- WORK TO BE COMPLETED -
Each line from the opening of the listing below through the line that contains "如果存在以上这些小烦恼,也不" is to be output exactly as written.

□ □ □

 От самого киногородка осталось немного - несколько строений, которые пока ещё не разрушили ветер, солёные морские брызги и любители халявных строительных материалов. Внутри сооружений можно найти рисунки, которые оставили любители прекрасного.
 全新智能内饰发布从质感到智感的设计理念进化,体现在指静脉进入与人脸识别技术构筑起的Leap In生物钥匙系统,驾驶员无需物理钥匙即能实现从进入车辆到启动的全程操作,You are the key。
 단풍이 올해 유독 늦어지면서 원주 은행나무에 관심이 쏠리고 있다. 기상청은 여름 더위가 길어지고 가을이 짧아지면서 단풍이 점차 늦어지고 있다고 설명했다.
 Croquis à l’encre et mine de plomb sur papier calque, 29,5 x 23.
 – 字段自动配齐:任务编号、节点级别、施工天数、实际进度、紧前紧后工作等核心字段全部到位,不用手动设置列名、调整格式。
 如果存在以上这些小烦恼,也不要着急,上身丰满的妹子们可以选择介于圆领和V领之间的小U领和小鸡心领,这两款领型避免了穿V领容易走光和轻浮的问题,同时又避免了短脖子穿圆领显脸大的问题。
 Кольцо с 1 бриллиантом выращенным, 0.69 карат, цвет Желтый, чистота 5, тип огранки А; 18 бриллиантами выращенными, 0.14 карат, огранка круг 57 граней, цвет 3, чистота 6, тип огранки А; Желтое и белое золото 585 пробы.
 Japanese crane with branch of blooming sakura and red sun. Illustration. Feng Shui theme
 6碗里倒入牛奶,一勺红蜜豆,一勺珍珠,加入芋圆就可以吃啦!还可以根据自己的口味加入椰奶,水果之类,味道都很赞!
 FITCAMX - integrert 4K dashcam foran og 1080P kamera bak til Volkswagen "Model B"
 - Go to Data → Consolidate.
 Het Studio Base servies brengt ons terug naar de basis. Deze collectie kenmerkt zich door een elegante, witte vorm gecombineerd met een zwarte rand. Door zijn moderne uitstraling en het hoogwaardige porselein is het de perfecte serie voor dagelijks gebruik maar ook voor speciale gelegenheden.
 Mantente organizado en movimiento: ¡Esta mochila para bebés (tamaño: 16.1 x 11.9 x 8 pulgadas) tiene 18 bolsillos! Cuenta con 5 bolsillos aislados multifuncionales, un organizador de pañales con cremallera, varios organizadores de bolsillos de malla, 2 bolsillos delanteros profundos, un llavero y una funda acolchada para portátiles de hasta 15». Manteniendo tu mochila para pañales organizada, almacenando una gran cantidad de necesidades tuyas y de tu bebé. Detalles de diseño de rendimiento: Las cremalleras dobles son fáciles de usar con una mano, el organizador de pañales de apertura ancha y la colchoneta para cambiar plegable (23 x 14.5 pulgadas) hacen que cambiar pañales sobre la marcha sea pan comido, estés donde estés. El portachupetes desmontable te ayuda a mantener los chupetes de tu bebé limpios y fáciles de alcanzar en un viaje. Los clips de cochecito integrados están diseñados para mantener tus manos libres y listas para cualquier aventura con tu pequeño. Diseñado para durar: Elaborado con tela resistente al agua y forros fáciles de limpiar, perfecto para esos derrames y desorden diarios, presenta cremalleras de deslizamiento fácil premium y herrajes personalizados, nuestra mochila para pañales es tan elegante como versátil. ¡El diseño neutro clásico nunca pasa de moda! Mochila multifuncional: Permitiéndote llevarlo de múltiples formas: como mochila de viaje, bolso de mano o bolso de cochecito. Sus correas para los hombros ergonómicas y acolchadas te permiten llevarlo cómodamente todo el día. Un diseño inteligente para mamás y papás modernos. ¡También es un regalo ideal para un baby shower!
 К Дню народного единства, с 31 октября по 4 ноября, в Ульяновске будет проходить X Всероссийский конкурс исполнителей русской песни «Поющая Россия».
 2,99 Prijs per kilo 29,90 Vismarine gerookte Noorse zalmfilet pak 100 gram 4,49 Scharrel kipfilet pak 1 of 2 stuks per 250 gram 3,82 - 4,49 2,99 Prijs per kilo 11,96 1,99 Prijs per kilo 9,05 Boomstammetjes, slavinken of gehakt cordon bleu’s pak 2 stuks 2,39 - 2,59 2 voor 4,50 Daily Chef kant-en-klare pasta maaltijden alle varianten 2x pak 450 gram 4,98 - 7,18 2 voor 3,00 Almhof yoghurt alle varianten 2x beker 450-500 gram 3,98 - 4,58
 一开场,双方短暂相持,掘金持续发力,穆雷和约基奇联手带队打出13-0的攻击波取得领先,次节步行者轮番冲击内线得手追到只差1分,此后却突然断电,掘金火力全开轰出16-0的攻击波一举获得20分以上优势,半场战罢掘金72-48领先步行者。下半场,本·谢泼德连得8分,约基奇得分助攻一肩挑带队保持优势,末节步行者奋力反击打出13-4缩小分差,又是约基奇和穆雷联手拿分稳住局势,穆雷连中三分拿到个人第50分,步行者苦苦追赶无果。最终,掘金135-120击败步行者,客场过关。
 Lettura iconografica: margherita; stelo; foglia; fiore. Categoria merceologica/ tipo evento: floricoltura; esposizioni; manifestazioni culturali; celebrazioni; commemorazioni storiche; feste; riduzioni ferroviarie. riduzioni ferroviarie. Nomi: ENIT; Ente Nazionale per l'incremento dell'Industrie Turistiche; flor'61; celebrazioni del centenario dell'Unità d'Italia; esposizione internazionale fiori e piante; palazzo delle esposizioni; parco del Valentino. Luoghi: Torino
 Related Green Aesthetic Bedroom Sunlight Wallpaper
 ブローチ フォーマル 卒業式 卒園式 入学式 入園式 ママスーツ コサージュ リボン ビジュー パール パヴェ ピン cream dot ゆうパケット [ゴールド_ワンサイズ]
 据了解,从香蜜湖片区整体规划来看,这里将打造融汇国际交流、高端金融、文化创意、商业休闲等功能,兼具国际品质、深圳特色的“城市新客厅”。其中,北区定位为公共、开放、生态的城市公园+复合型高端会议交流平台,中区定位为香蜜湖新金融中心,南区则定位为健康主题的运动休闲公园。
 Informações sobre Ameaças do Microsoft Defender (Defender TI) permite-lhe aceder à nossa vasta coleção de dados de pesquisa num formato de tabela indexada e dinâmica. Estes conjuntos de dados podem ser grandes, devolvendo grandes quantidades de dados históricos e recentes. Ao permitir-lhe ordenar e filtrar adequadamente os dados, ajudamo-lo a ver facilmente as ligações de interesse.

□ □ □

- RESPONSE FOR THIS EXERCISE -
 От самого киногородка осталось немного - несколько строений, которые пока ещё не разрушили ветер, солёные морские брызги и любители халявных строительных материалов. Внутри сооружений можно найти рисунки, которые оставили любители прекрасного.
 全新智能内饰发布从质感到智感的设计理念进化,体现在指静脉进入与人脸识别技术构筑起的Leap In生物钥匙系统,驾驶员无需物理钥匙即能实现从进入车辆到启动的全程操作,You are the key。
 단풍이 올해 유독 늦어지면서 원주 은행나무에 관심이 쏠리고 있다. 기상청은 여름 더위가 길어지고 가을이 짧아지면서 단풍이 점차 늦어지고 있다고 설명했다.
 Croquis à l’encre et mine de plomb sur papier calque, 29,5 x 23.
 – 字段自动配齐:任务编号、节点级别、施工天数、实际进度、紧前紧后工作等核心字段全部到位,不用手动设置列名、调整格式。
 如果存在以上这些小烦恼,也不要着急,上身丰满的妹子们可以选择介于圆领和V领之间的小U领和小鸡心领,这两款领型避免了穿V领容易走光和轻浮的问题,同时又避免了短脖子穿圆领显脸大的问题。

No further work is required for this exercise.